通常PG的 一个数据页的大小是8KB ,并且不允许一个大的元祖跨越多个数据页。官方原文如下:
PostgreSQL uses a fixed page size (commonly 8 kB), and does not allow tuples to span multiple pages 。
PG 采取的TOAST 技术就像是 大家平时吃的早餐吐司面包一样,把一个大的面包(元祖)用刀子切成一片一片的. 技术上叫分割成 chunk , 每个chunk 独立形成一行 存储在独立的toast 表中。
什么情况下,可以触发 TOAST 呢?
如果一个元祖的大小,超过 2KB(参数 TOAST_TUPLE_THRESHOLD 决定,这个是编译时候的默认参数,需要重新编译软件才生效),那么PG会尝试进行压缩,把每个元祖控制在2KB之内,如果不能满足2KB之内的需求,
这个时候就需要独立的 toast 的表来存储 oversized 的部分了。
自从PG 11版本之后,可以在建表的语句上进行表级别的修改: 指定参数 toast_tuple_target 来限定 TOAST的阈值
create table toast_table2 (id int, content text) WITH (toast_tuple_target=4096);
通常情况下,在 toast 表中的 chunk 的大小也是 2KB (实际上是1996 bytes)。 换成通俗的来说,就是每个面包片的大小是2KB (实际上是1996 bytes)。
下面我们来试着创建一张带有 toast 的表:
通常我们创建带有 text 类型的表,PG会自动帮我们创建一下先关的TOAST 的表:
可以通过reltoastrelid 这个的对象的oid , 找到具体的 toast 表的名字: pg_toast_33006
dbtest@[local:/tmp]:1992=#5427 create table test_toast(id int, content text);
CREATE TABLE
dbtest@[local:/tmp]:1992=#5427 select oid, reltoastrelid from pg_class where relname = 'test_toast';
oid | reltoastrelid
-------+---------------
33006 | 33009
(1 row)
dbtest@[local:/tmp]:1992=#5427 select relname from pg_class where oid = 33009;
relname
----------------
pg_toast_33006
(1 row)
我们来看一下 toast 的表结构: chunk_id, chunk_seq 构成了唯一的主键, chunk_data 存储的是实际的数据,也是我们说的吐司面片的切片
dbtest@[local:/tmp]:1992=#5427 \d pg_toast.pg_toast_33006
TOAST table "pg_toast.pg_toast_33006"
Column | Type
------------+---------
chunk_id | oid
chunk_seq | integer
chunk_data | bytea
Owning table: "public.test_toast"
Indexes:
"pg_toast_33006_index" PRIMARY KEY, btree (chunk_id, chunk_seq)

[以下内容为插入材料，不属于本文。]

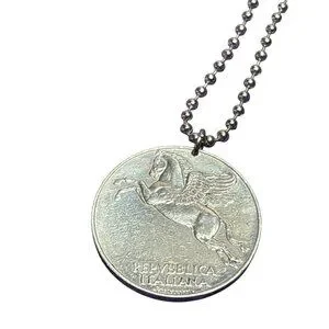 Pegasus Italian Coin Pendant Necklace 10 Lira Vintage Repubblica Italiana Lire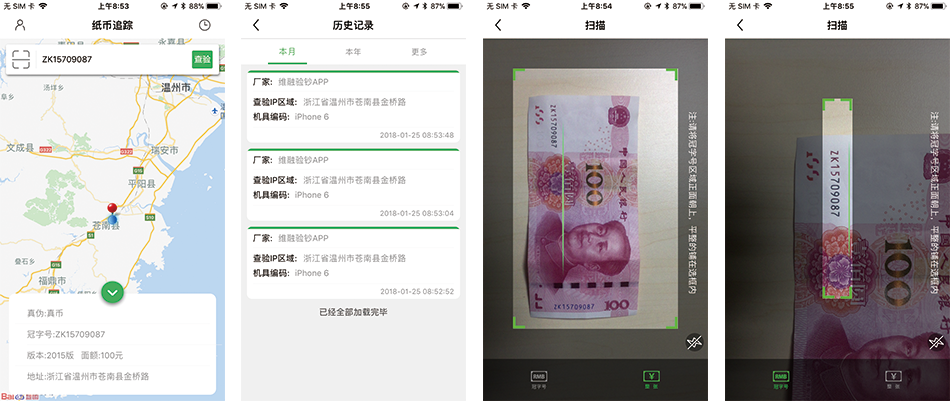 用戶可通過該應(yīng)用進(jìn)行多種方式的錢幣查詢,可通過紙幣冠字號(hào)查詢或者紙幣掃描查詢來查看紙幣流向以及判定紙幣的真?zhèn)巍?/p>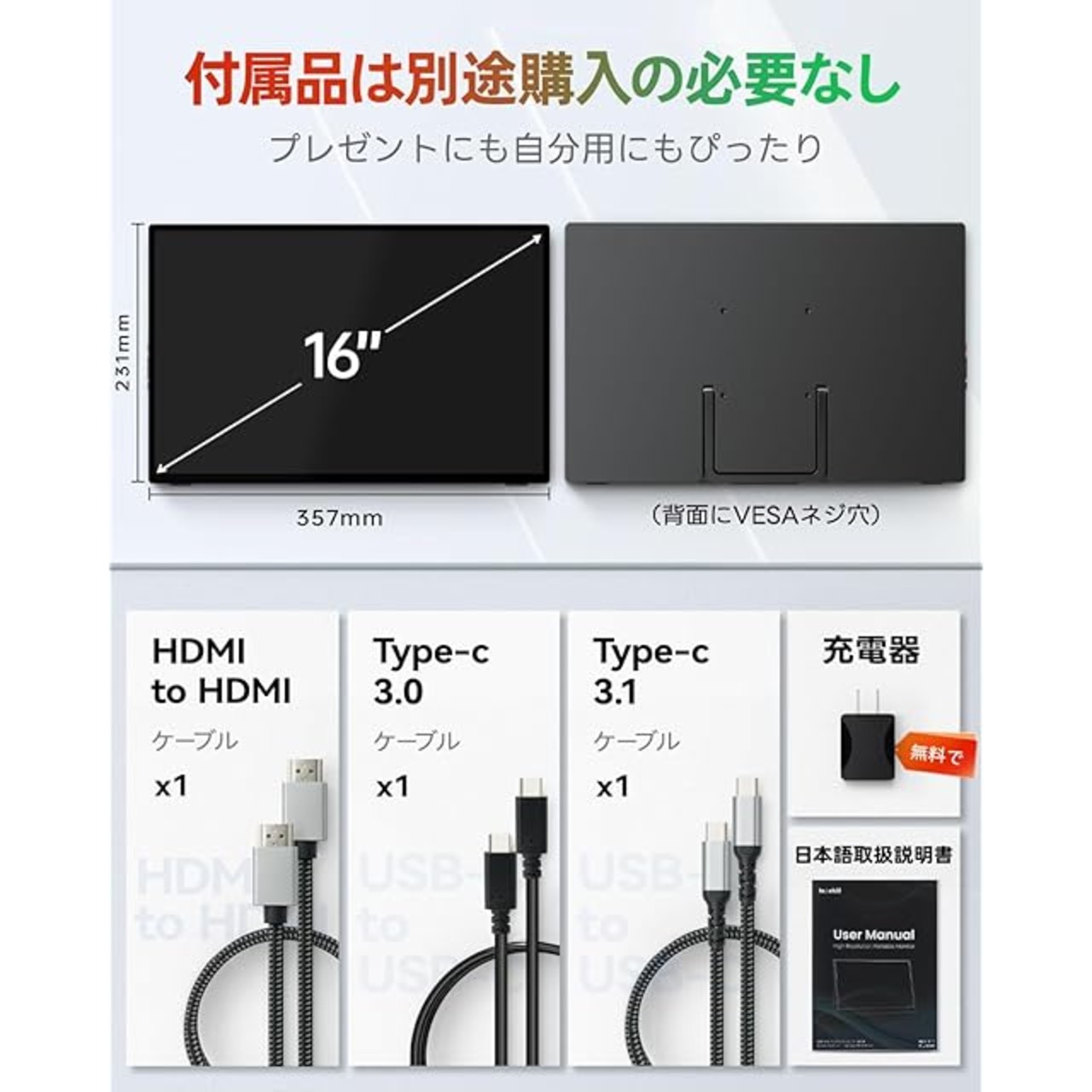 Intehill モバイルモニター 16インチ は、クリエイティブな仕事からエンターテインメントまで、あらゆるシーンで活躍する高品質ポータブルディスプレイです。 主な特長 ✔ プロ級視認性 AG(アンチグレア)非光沢IPSパネル採用で、屋外や明るい環境下でも眩光・反射を大幅低減。長時間作業でも目の疲れを軽減します。繊細な色再現性と広視野角を実現。 ✔ 黄金比16:10アスペクト比 従来の16:9より縦方向の表示領域が広く、文書編集・プログラミング・写真編集に最適。効率的なマルチタスクをサポート。 ✔ マルチデバイス対応 USB-C/HDMI端子を装備し、ミニPC/MacBook/ノートPC/Switchとシームレス接続。1本ケーブルで給電+映像伝送可能(DisplayPort Alt Mode対応)。

接下来,我们创建一个函数来帮助我们生成并返回一个大的字符串:
CREATE OR REPLACE FUNCTION generate_random_string(
length INTEGER,
characters TEXT default '0123456789ABCDEFGHIJKLMNOPQRSTUVWXYZabcdefghijklmnopqrstuvwxyz') RETURNS TEXT AS$$DECLARE
result TEXT := '';BEGIN
IF length < 1 then
RAISE EXCEPTION 'Invalid length';
END IF;
FOR __ IN 1..length LOOP
result := result || substr(characters, floor(random() * length(characters))::int + 1, 1);
end loop;
RETURN result;
END;$$
LANGUAGE plpgsql;
我们来测试一下这个函数:
dbtest@[local:/tmp]:1992=#5427 select generate_random_string(20);
generate_random_string
------------------------
QB6BJJipFX3LkHoMoHjd
(1 row)
我们尝试插入 4KB的字段长度的数据:
dbtest@[local:/tmp]:1992=#5427 insert into test_toast values (1,generate_random_string(1024*4));
INSERT 0 1
查看对应的 toast 表: 我们可以看到分割成了 3个chunk
dbtest@[local:/tmp]:1992=#5427 SELECT chunk_id, COUNT(*) as chunks, pg_size_pretty(sum(octet_length(chunk_data)::bigint))FROM pg_toast.pg_toast_33006 GROUP BY 1 ORDER BY 1;
chunk_id | chunks | pg_size_pretty
----------+--------+----------------
33012 | 3 | 4096 bytes
(1 row)
每个chunk 的大小是: 我们可以看到 (seq=0,1)每个 trunk 的大小 是 1996 bytes, 符合小于 参数设定的 TOAST_TUPLE_TARGET 2048 bytes 的上限。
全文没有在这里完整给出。